Chemotherapy while revolutionizing cancer management by improving survival and quality of life; is also associated with several adverse effects. Lung is the most common organ affected in chemotherapy-related complications, due to either drug toxicity or more commonly due to infections caused by immunosuppression and less commonly due to immune-mediated injury. Radiology, when used in combination with clinical and lab data, can help reach the specific diagnosis or narrow down the differentials. The common radiological patterns of drug toxicity include pulmonary interstitial and airway infiltrates, diffuse alveolar damage, nonspecific interstitial pneumonia, eosinophilic pneumonia, cryptogenic organizing pneumonia, pulmonary hemorrhage, edema and hypertension. Cancer patients are immunosuppressed due to the underlying malignancy itself or due to therapy and are prone to a gamut of opportunistic infections including viral, bacterial, fungal and mycobacterial pathogens.
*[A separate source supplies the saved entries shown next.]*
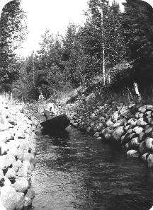 | valokuva: kanava (kaivettu järvenlaskua varten) ja veneilijä |
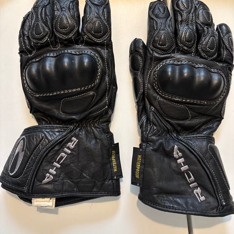 Richa moottoripyörähanskat mustaa nahkaa. Hanskoissa on kovasuojat rystysissä ja vahvistetut alueet kämmenissä lisäsuojaa varten. Ranteessa on tarrakiristys istuvuuden säätämiseen. Soveltuvat moottoripyöräilyyn ja muuhun ajokäyttöön, jossa tarvitaan suojaavia nahkahanskoja.
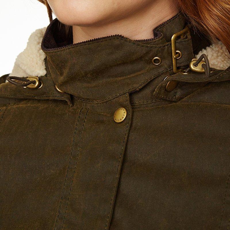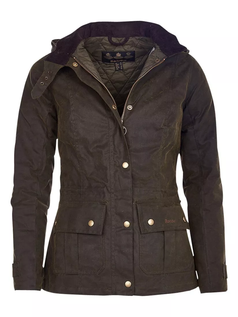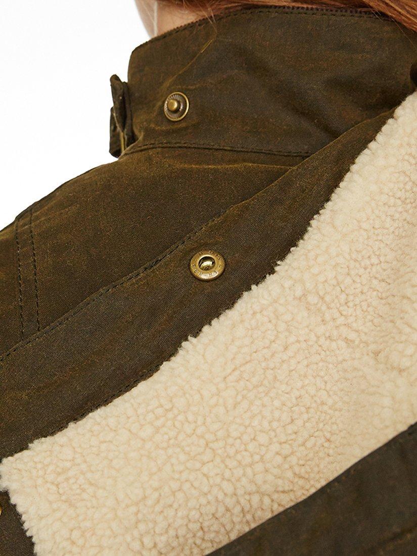 This stylish Convoy waxed jacket from Barbour features long sleeves, a fur-lined hood, a front popper fastening and 2 handy front pockets.
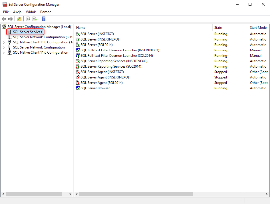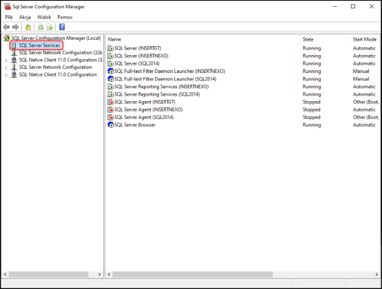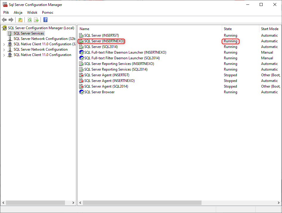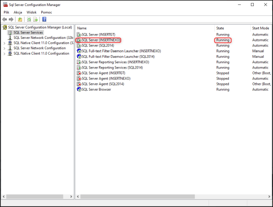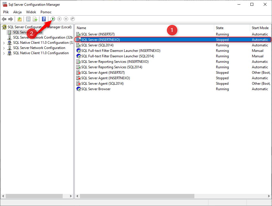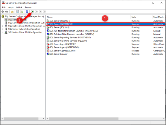 6. Wrócić do SQL Server 2014 Configuration Manager-SQL Server Services. Kliknąć pozycję SQL Server (INSERTNEXO) i wybrać ikonę Start.
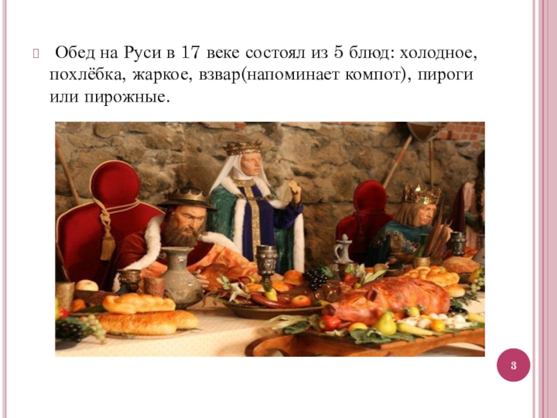 Слайд 3 Обед на Руси в 17 веке состоял из 5 блюд:
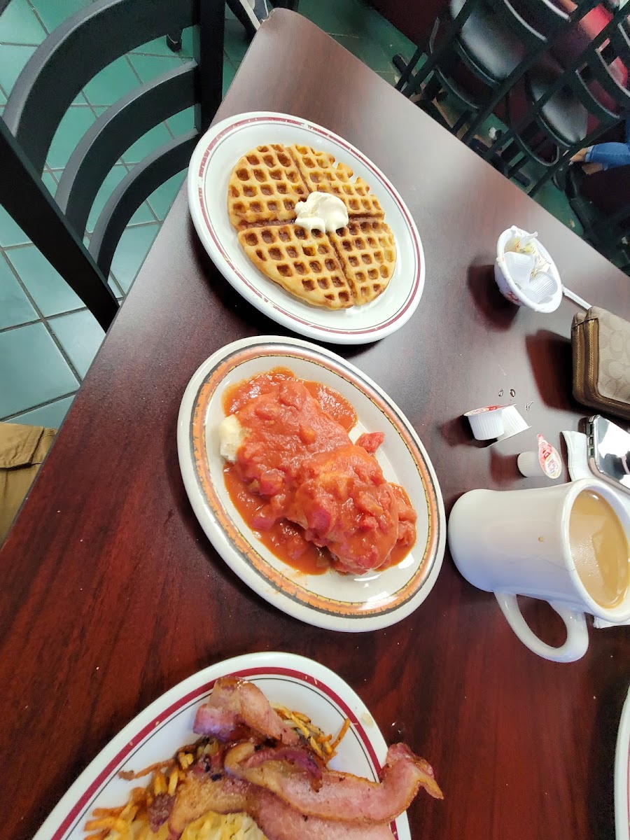 We were pleasantly surprised by the quality of food here! Totally trumps that other waffle place. Eggs were yummy. Country Fried Steak with gravy delicious. Waffle was sweet and French toast was good. We will be back to taste more.
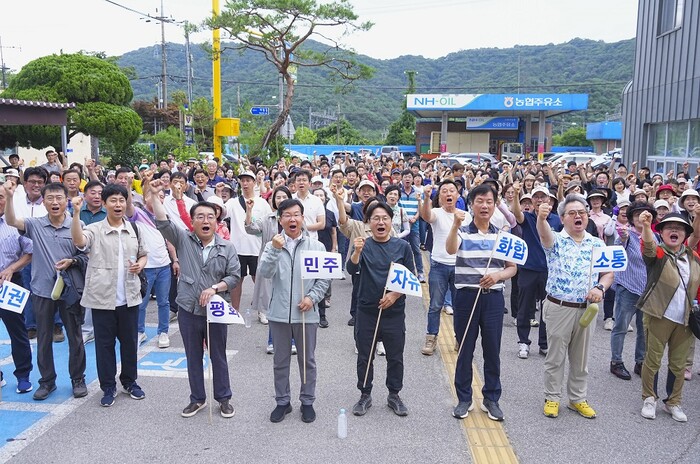 | ▲ 강기정 광주광역시장(사진 가운데)이 29일 오전 광산구 임곡동 행정복지센터에서 열린 '윤상원길을 걷다, 민주주의을 품다' 걷기 행사에 참여해 박병규 광산구청장, 정무창 광주시의회 의장, 박균택 국회의원 등 시민들과 출발에 앞서 구호를 외치고 있다./광주광역시 제공 |
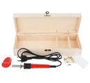 Świetna kolba do brandingu w wysokiej jakości drewnianym pudełku ze stylowym zapięciem. Długość kabla wraz z wtyczką wynosi ok. 1,48 m. Drewniane pudeł ko do przechowywania żelazka ma wymiary ok. 31,5 x 11,5 x 6 cm i posiada trzy przegródki o wymiarach 4 x 10 x 3,7 cm, 5,5 x 10 x 3,7 cm i 19,7 x 10 x 3,7 cm. Przegródki w przegródkach można w razie potrzeby usunąć.
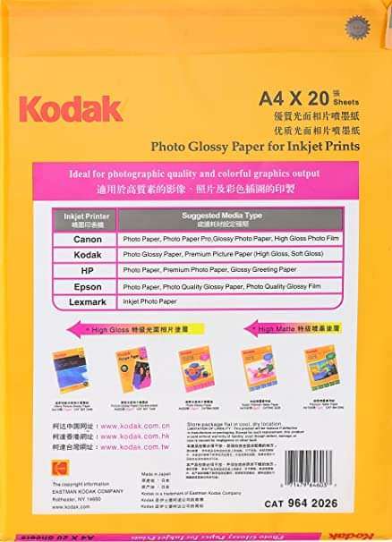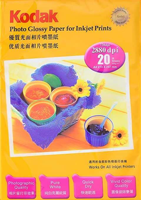 Kodak Photographic Quality Photo Glossy Paper A4-235gsm - White فوتو جلوسي كوداك ياباني
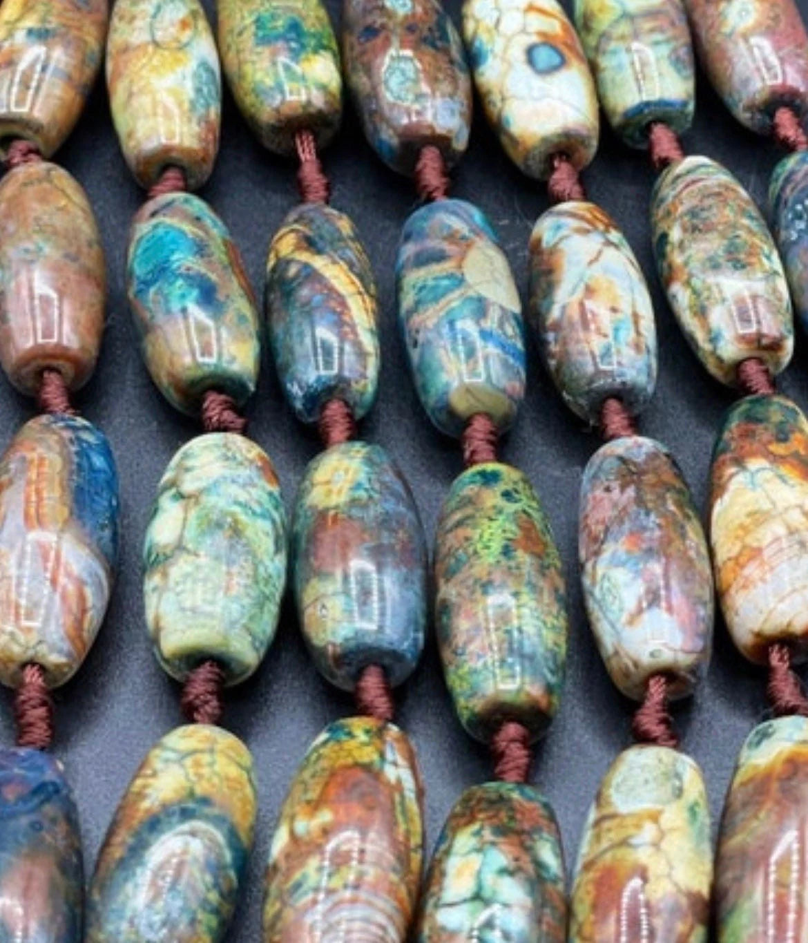 Beautiful natural Tibetan gemstone bead. 12x30mm 12x40mm barrel shape. Gorgeous brown orange blue multi color bead . Unique looking gemstone. Not see on the market …
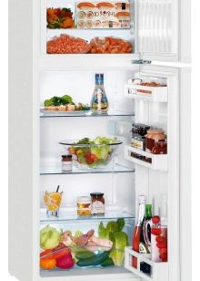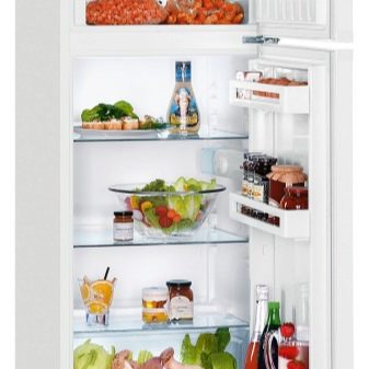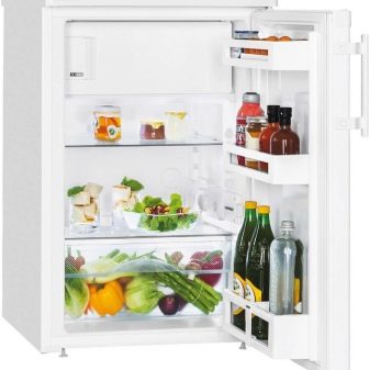 Klein und ordentlich auf der Außenseite, funktional im Inneren, gibt es zwei Arten - freistehend und eingebaut. Türen können neu aufgehängt werden, was die Wahl des Platzes für das Gerät erheblich erleichtert. Schlagfeste Regale im Inneren können auch um mehrere Teile nach oben oder unten verschoben werden. An der Tür gibt es Standardregale für Flaschen, Eier, Milchprodukte, einige von ihnen sind mit einem beweglichen Separator ausgestattet.
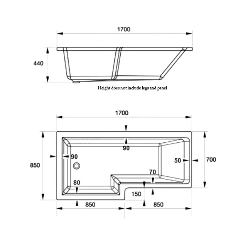 Essential Kensington 1700 x 850mm L Shape Shower Bath Pack
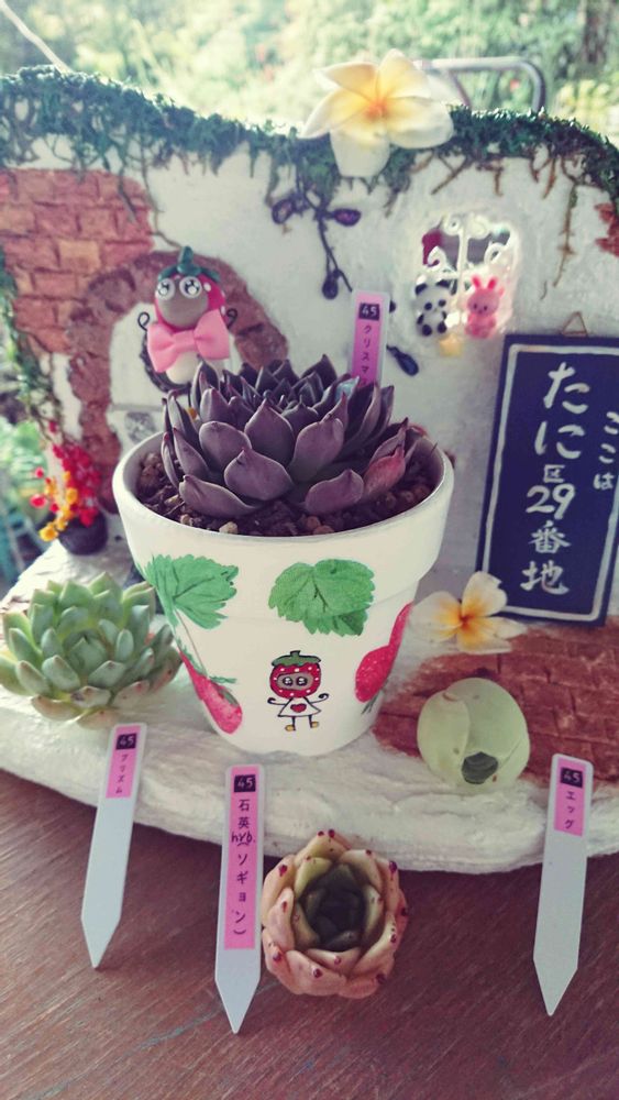 45さんの 素敵な多肉と🍓可愛いコラボ(*ゝω・)ノ♥
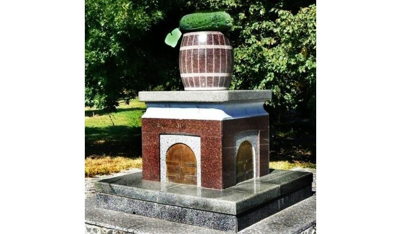 Автор проєкту, де поєдналися погрібець і діжка з огірком, – місцевий митець Леонід Воробйов. Огірок зроблений з граніту унікального зеленого кольору, який привезли з Італії.
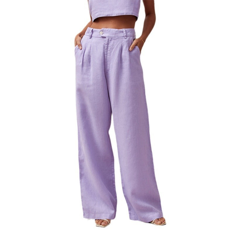 Pure Linen High Waist Drooping Straight-leg Pants Ladies
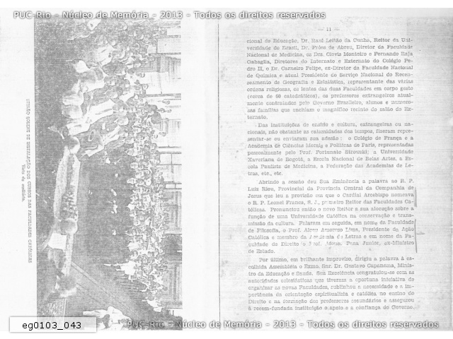 eg0103_043 | 1941 | Relato com foto da instalação solene dos cursos das Faculdades de Filosofia e de Direito das Faculdades Católicas no auditório do Colégio Santo Inácio com a presença de autoridades, políticos e eclesiásticos. (cópia em xerox) |
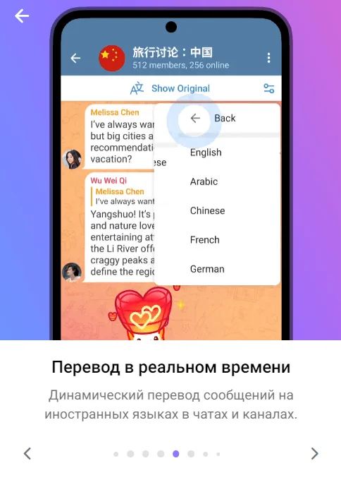 Перевод в режиме реального времени. Мессенджер переводит сообщения на иностранном языке в чатах и каналах. Причём можно использовать функцию в любом предназначении — прочитать полученное сообщение или перевести на другой язык отправляемый текст.
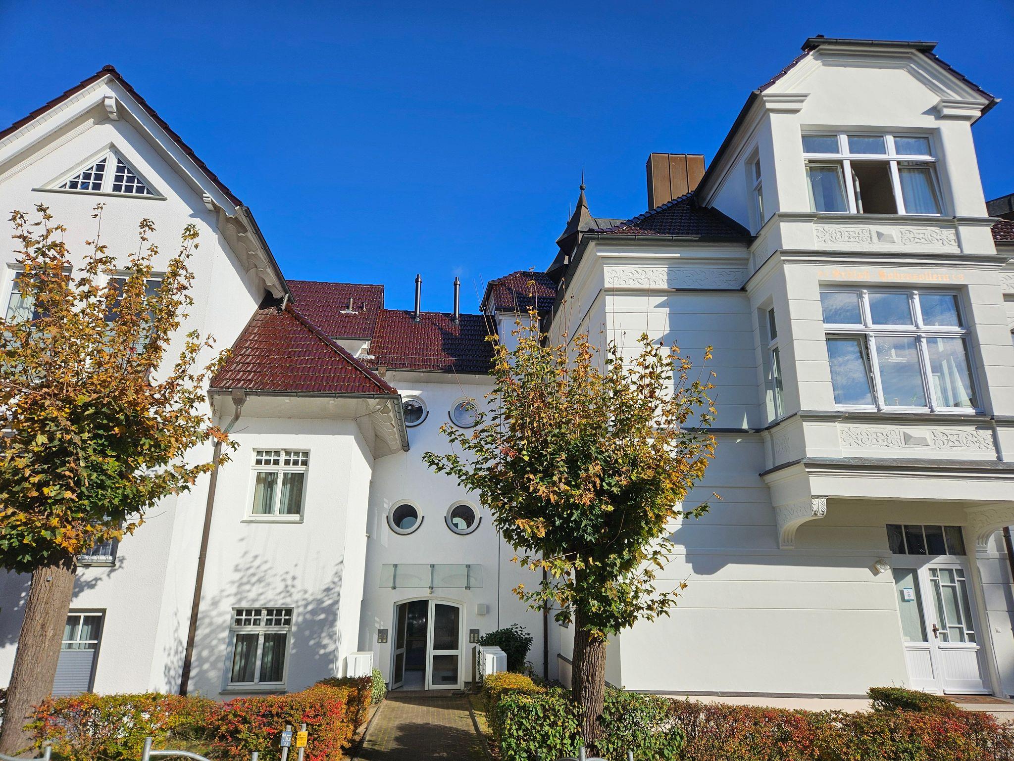 Das Türmchenzimmer befindet sich im zweiten Obergeschoß hinter der vornehmen Fassade von Schloß Hohenzollern, einer großen Bäderstilvilla mit mehreren Ferienwohnungen. Als größtes der drei Kaiserbäder ist Ahlbeck zwischen Heringsdorf und dem polnischen Swinemünde gelegen. Der Ort lockt mit seinem feinsandigem Ostseestrand, dem Postkartenmotiv der hölzernen Seebrücke und der Bäderstilpracht seiner Villen, Hotels und Appartements. An der längsten Strandpromenade Europas gelegen, bietet Ahlbeck seinen Gästen alles, was das Leben im Urlaub so schön macht: Zwischen Gastronomie mit höchsten Ansprüchen und Anbietern der schlichten pommerschen Küche ist alles vorhanden. Zahlreiche Bars und gemütliche Cafés laden zum Verweilen ein und in den vielen netten Einzelhandelsgeschäften kann man nach Herzenslust einkaufen.

Immune reconstitution inflammatory syndrome (IRIS), a well-known complication in HIV, is now being increasingly recognized in non-HIV patients with immunosuppression. Engraftment syndrome is specifically seen following hematopoietic stem cell transplant during neutrophil recovery phase. Pulmonary involvement is frequent, causing a radiological picture of noncardiogenic pulmonary edema. Thus, radiology in combination with clinical background and lab parameters helps in detecting and differentiating various causes of pulmonary complications. This approach can help alter potentially toxic treatment and initiate early treatment depending on the diagnosis.

Introduction

Treatment in cancer patients with chemotherapeutic agents is an integral part of management. These drugs are also used as conditioning regimen during hematopoietic stem-cell transplantation. Though these agents have brought many revolutions in the management of patients with cancer by improving the survival and quality of life, these are also associated with several adverse effects and may lead to significant morbidity.[1], [2] Among all the organs, lung is the most commonly affected with 75% patients suffering from some form of pulmonary infections[3] due to direct toxic effects on lungs or because of secondary complications due to immunosuppression leading to opportunistic infections. Less commonly, immune recovery induced by dose or regimen alterations may cause immune-mediated lung injury.[4], [5] Chemotherapy-induced lung toxicity may manifest as both acute as well as chronic lung disease.[6] Common cytotoxic drugs implicated in lung toxicity are bleomycin, methotrexate, taxanes, cyclophosphamide, gemcitabine and newer targeted agents such as bevacizumab.[7], [8]

The cytotoxic drugs act on the rapidly dividing cells, while many of the newer targeted-agents have specific molecular targets, and this understandably follows different mechanisms of drug toxicities.[9], [10] Clinically, patients with drug toxicity may have nonspecific findings varying from being asymptomatic to progressive dyspnea. Clinicoradiological findings may be difficult to differentiate from infection, which is also common in these patients. Chest radiographs and HRCT chest are imaging modalities used to assess pulmonary complications.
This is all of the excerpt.